§ Assignment
From the first line of the data down to the line bearing "Step into a", output every line exactly and include no pictures.

§ Supplied material
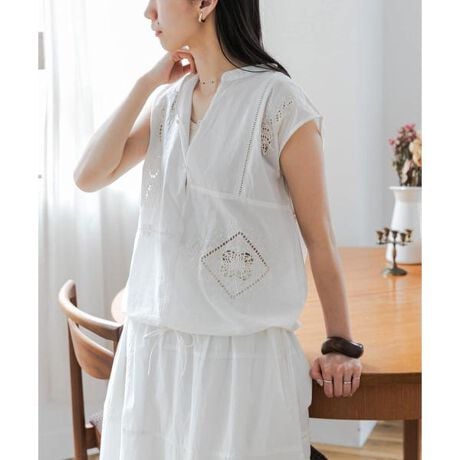 繊細な刺繍を施した生地をパッチワークで繋げたブラウスは、大人ナチュラルな雰囲気を演出します。
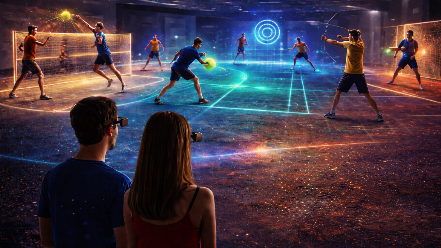 Step into a futuristic hologram room where up to five players compete in interactive sports surrounded by immersive 3D laser visuals, experiencing the thrill of virtual movement and touchless play in one of the world’s most advanced holographic arenas
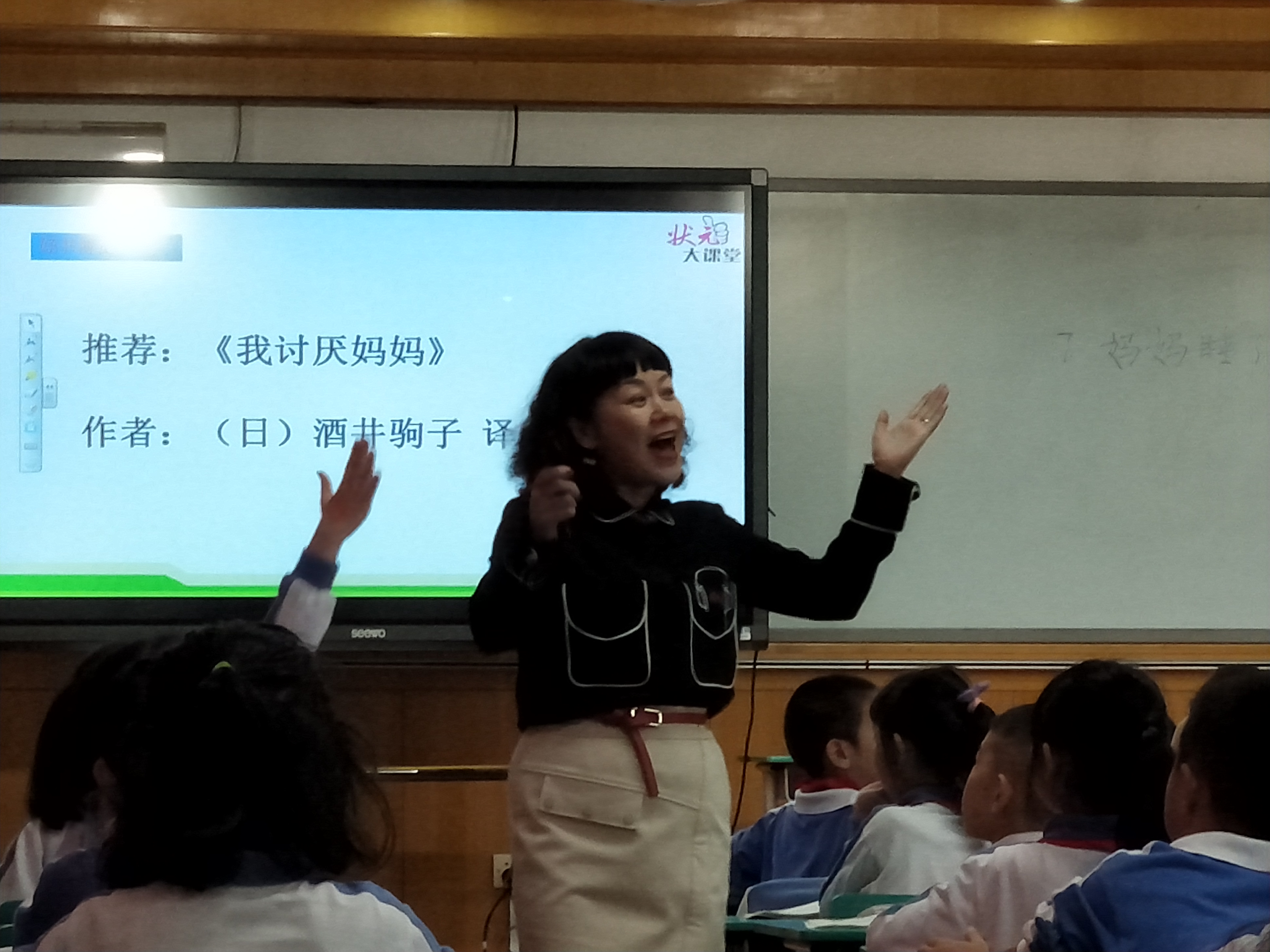 2015年,她還帶領(lǐng)孩子們?cè)谌猩傧汝?duì)建隊(duì)65周年大型慶典活動(dòng)上,展示了一節(jié)主題為“五星紅旗迎風(fēng)飄揚(yáng)”的隊(duì)會(huì)課,獲得與會(huì)的市、區(qū)領(lǐng)導(dǎo)和老師們的高度贊譽(yù)。市團(tuán)少工委大隊(duì)輔導(dǎo)員石老師看了他上的班會(huì)課,說“周老師,您帶的學(xué)生太出色了,各個(gè)都是出色的主持人,這節(jié)隊(duì)會(huì)課值得全深圳的中隊(duì)輔導(dǎo)員觀摩!”。今年廣東省教育廳教育研究員姚軼潔副主任聽了她一節(jié)隊(duì)會(huì)課,握著她的手激動(dòng)地說:“上得太好了,已經(jīng)超出了我們編寫教材的預(yù)期!”
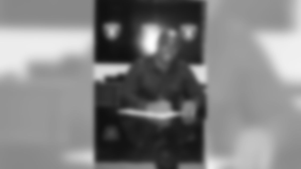 New Raiders DE Justin Tuck signs his contract in the Hall of Fame room at the Raiders facility.
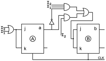 Din cele de mai sus rezulta ca CLS-ul care implementeaza ecuatia de stare a RS-lui se poate construi in jurul unui RS la care se adauga nonAND pentru formarea lui R=KQt-1 respectiv a lui S=J(~Qt-1) prin introducerea a 2 reactii suplimentare una dupa Q si alta dupa ~Q, ca in urmatoarea schema logica a JK-lui.
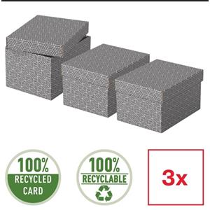 Sada 3 malých dekorativních lepenkových úložných boxů Esselte Home na ukládání drobností nebo i na dárky. Rychlé a snadné sestavení.

§ Finished task
 繊細な刺繍を施した生地をパッチワークで繋げたブラウスは、大人ナチュラルな雰囲気を演出します。
 Step into a futuristic hologram room where up to five players compete in interactive sports surrounded by immersive 3D laser visuals, experiencing the thrill of virtual movement and touchless play in one of the world’s most advanced holographic arenas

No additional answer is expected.